Sasol Oil, a major subsidiary of the Sasol group, marketed liquid fuels and lubricants, including creosote (a wood preservative). In August 2002, Mr. Foot, who had acquired control of Nationwide Poles (a small pole producer in the Eastern Cape), discovered that Sasol was charging Nationwide higher prices for creosote than it charged to Nationwide's competitors, such as Woodline (a large pole manufacturer). Sasol operated a volume-based discount pricing system, where prices ranged from R2,417 per ton (for purchases up to 450 tons/annum) to R2,071 per ton (for purchases over 5,500 tons/annum). Prices were recalculated quarterly based on previous three-month purchasing volumes. Nationwide complained to the Competition Commission, which issued a notice of non-referral. Nationwide then referred the matter to the Competition Tribunal, alleging prohibited price discrimination under section 9 of the Competition Act 89 of 1998. The Tribunal found Sasol dominant in the creosote market (with over 45% market share), found the pricing constituted price discrimination likely to substantially lessen competition, and declared a prohibited practice had occurred.
The appeal succeeded. The Competition Tribunal's determination was set aside and replaced with an order dismissing the complaint. No order as to costs was made.
Section 9(1)(a) of the Competition Act requires proof of a reasonable possibility that price discrimination by a dominant firm is likely to substantially prevent or lessen competition in the relevant market. This requires evidence-based predictive judgment, not speculation or mere competitive disadvantage to a particular competitor. The complainant must establish, on evidence, that there is a reasonable possibility of substantial anti-competitive effects in the relevant market. Competition law protects the competitive process, not individual competitors. A price differential that imposes additional costs on a small competitor (even 3.6-4%) does not, without more, establish a substantial prevention or lessening of competition where: (1) the disadvantaged firm continues to compete effectively; (2) there is no clear evidence of market exit caused by the pricing structure; (3) small firms generally remain viable competitors in the market; and (4) there is insufficient evidence about how market dynamics (including competitor responses) would be affected by changes to the pricing structure.
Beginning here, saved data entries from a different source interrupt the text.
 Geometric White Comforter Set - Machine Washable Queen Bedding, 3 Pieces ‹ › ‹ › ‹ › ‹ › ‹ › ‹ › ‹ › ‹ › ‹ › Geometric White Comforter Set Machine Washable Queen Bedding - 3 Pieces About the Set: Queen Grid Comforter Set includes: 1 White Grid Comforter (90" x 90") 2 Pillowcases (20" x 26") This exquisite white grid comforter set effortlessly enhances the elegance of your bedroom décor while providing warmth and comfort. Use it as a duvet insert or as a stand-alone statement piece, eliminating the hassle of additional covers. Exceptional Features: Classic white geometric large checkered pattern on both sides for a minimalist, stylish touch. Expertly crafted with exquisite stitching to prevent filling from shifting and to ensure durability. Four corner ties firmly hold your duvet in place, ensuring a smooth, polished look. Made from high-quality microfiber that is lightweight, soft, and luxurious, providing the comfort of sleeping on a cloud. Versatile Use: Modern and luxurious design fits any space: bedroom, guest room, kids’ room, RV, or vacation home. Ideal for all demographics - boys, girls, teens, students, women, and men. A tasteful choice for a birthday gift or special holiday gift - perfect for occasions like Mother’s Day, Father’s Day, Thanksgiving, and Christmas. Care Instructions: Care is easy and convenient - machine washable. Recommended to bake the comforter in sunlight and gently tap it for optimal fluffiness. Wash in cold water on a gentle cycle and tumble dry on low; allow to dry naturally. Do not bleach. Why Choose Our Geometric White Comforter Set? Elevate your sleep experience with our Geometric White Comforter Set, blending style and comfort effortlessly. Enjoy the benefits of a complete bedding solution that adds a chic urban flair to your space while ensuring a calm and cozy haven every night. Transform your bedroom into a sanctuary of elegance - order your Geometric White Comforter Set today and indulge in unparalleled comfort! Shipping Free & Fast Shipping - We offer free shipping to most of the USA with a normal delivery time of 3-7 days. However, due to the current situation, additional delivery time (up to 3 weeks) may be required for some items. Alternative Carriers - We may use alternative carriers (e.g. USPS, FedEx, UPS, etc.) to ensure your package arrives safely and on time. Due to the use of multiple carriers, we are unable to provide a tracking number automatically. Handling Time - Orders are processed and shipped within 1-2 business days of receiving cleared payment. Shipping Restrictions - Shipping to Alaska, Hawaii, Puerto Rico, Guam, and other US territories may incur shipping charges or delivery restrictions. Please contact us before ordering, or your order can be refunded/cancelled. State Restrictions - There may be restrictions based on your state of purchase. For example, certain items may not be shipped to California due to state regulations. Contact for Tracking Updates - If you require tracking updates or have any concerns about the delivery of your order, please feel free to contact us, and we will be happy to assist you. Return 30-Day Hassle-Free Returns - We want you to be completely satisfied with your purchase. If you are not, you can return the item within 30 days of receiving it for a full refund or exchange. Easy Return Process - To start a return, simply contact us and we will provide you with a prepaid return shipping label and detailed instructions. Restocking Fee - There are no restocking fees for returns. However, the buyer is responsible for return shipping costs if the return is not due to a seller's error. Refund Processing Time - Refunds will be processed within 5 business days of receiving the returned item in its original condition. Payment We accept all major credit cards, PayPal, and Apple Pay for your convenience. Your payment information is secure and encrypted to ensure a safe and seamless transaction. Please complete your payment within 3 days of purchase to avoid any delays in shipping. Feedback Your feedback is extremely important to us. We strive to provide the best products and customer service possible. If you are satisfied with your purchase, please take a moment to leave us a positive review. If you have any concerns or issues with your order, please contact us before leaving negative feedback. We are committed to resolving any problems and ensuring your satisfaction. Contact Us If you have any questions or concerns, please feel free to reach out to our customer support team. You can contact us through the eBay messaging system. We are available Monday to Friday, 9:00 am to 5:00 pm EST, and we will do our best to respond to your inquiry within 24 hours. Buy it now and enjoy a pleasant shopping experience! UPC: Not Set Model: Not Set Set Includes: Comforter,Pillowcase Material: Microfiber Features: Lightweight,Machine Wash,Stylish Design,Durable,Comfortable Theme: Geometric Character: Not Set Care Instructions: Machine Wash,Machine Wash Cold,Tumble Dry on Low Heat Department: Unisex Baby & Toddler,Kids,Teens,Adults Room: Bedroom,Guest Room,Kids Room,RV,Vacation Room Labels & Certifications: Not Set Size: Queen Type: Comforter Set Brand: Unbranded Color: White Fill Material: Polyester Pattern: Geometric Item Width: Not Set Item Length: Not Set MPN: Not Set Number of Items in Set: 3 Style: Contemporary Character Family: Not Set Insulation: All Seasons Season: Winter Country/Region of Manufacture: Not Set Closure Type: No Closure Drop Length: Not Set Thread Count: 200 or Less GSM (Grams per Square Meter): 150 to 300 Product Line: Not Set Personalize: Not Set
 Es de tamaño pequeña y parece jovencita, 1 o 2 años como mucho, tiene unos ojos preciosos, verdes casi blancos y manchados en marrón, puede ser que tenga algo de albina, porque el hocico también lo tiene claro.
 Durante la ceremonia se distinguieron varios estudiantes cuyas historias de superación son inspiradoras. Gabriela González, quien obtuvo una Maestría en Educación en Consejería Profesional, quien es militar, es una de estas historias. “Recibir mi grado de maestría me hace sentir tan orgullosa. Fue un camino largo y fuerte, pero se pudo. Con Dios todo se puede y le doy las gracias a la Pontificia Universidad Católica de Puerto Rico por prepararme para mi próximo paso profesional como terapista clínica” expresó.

The Court made several non-binding observations: (1) It discussed extensively the US Robinson-Patman Act jurisprudence and the tension between majority and minority approaches in Morton Salt, noting Justice Jackson's warning about potentially obliterating the distinction between legitimate and illegitimate discounts; (2) It explored European competition law approaches, particularly the emphasis on protecting competitive market structure, openness, and access to markets on merit; (3) It quoted with approval remarks about competition policy in developing economies needing to play a dual role of empowering underprivileged economic agents while establishing rules of fair competition; (4) It noted that volume-based discounts are not categorically exempt from section 9, and if treated as blanket exceptions would render section 9(2)(a) a nullity; (5) It observed that had the case been properly investigated by the Competition Commission with comprehensive evidence about small competitors' operations and Suprachem's pricing and capacity, the outcome might have been different; (6) It expressed regret that the case was litigated without the benefit of the Competition Commission's investigative powers, resulting in limited industry-wide evidence; (7) On consumer welfare concerns, the Court noted it lacked sufficient information to determine whether prohibiting the pricing structure would increase average prices or lead to collusion, or whether pricing would remain similar.
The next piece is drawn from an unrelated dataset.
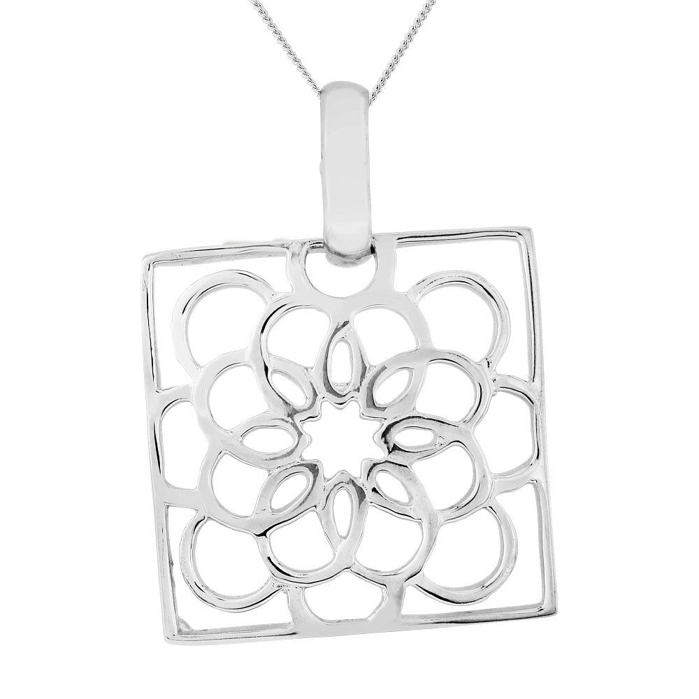 Silver Pend. Square Pendant with a large flower shape inside including chain

This judgment established the authoritative interpretation of section 9(1)(a) of the Competition Act 89 of 1998 in South African competition law. It clarified that prohibited price discrimination requires proof of a 'reasonable possibility' that the conduct is likely to substantially prevent or lessen competition, not merely 'competitive relevance' or disadvantage to a particular competitor. The case distinguished between protecting competition (the purpose of competition law) and protecting competitors (which is not). It established evidentiary standards for price discrimination cases, requiring concrete evidence of likely anti-competitive effects rather than speculation. The judgment also integrated comparative law from the US (Robinson-Patman Act) and EU (Article 82 EC Treaty) while adapting these principles to South Africa's constitutional and developmental context, including recognition of the Act's purpose to promote small and medium enterprises. The case highlighted the importance of comprehensive evidence, particularly regarding market dynamics, competitor behavior, and the investigative role of the Competition Commission in building a proper evidentiary record for complex competition matters.